Sono state previste giustamente risorse per lavoratori e imprese. Ma qual è il posto delle famiglie in questo disegno per la ripartenza? È stato adottato uno strumento per favorire i congedi nella fase della emergenza. Ma perché non fare di questo primo passo una leva per ragionare in modo sistemico su smart working, part-time, congedi?
Se non si può aprire la scuola, si snelliscano le procedure burocratiche per mettere in piedi attività per supportare i genitori che lavorano: ad esempio promuovendo un censimento degli spazi disponibili per attività formative e ricreative che consentano di mantenere le distanze; riconoscendo come tirocinio l’eventuale lavoro di studenti di scienze dell’educazione in servizi educativi; invitando le associazioni, le parrocchie, il Terzo settore a ripensare l’offerta per i ragazzi nel corso della bella stagione, attraverso campi estivi che non siano tappabuchi ma occasioni per una vera sperimentazione educativa. Potrebbero nascere cose belle. Infine, è stata annunciata l’estensione in via “straordinaria” dell’attuale “assegno di natalità” ai figli almeno fino ai 14 anni di età. Non è sicuro che accada. Ma deve accadere. Una politica per la famiglia non può che essere “ordinaria”, cioè strutturale. Ed è questo il momento per introdurre un assegno universale che, davanti al futuro incerto, dica alle nuove generazioni: non abbiate paura, l’intera comunità nazionale è con voi quando correte l’avventura della vita.
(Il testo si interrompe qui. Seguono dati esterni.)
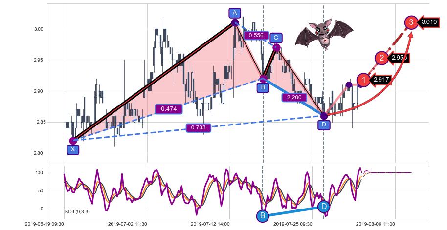 ➣ D点拟合预测价格2.959,距离最后交易收盘价格2.910相差 +1.67%

Quello che abbiamo imparato in questo dramma non ancora concluso è che la famiglia è un punto di sintesi, un crocevia di questioni cruciali per un Paese avanzato: dal lavoro alla sanità all’educazione alla tutela dell’ambiente. Anziché prendere misure in astratto e poi cercare di dare qualche piccolo aiuto alle famiglie sia questa l’occasione per fare della famiglia il punto di partenza concreto e “integrale” per sviluppare uno sguardo nuovo che non solo non frenerà, ma darà impulso alla ripartenza. Le famiglie hanno sostenuto l’Italia nell’emergenza, sono state vere scuole di resilienza. Ripartiamo da qui, perché le famiglie riconosciute e sostenute sosterranno l’Italia.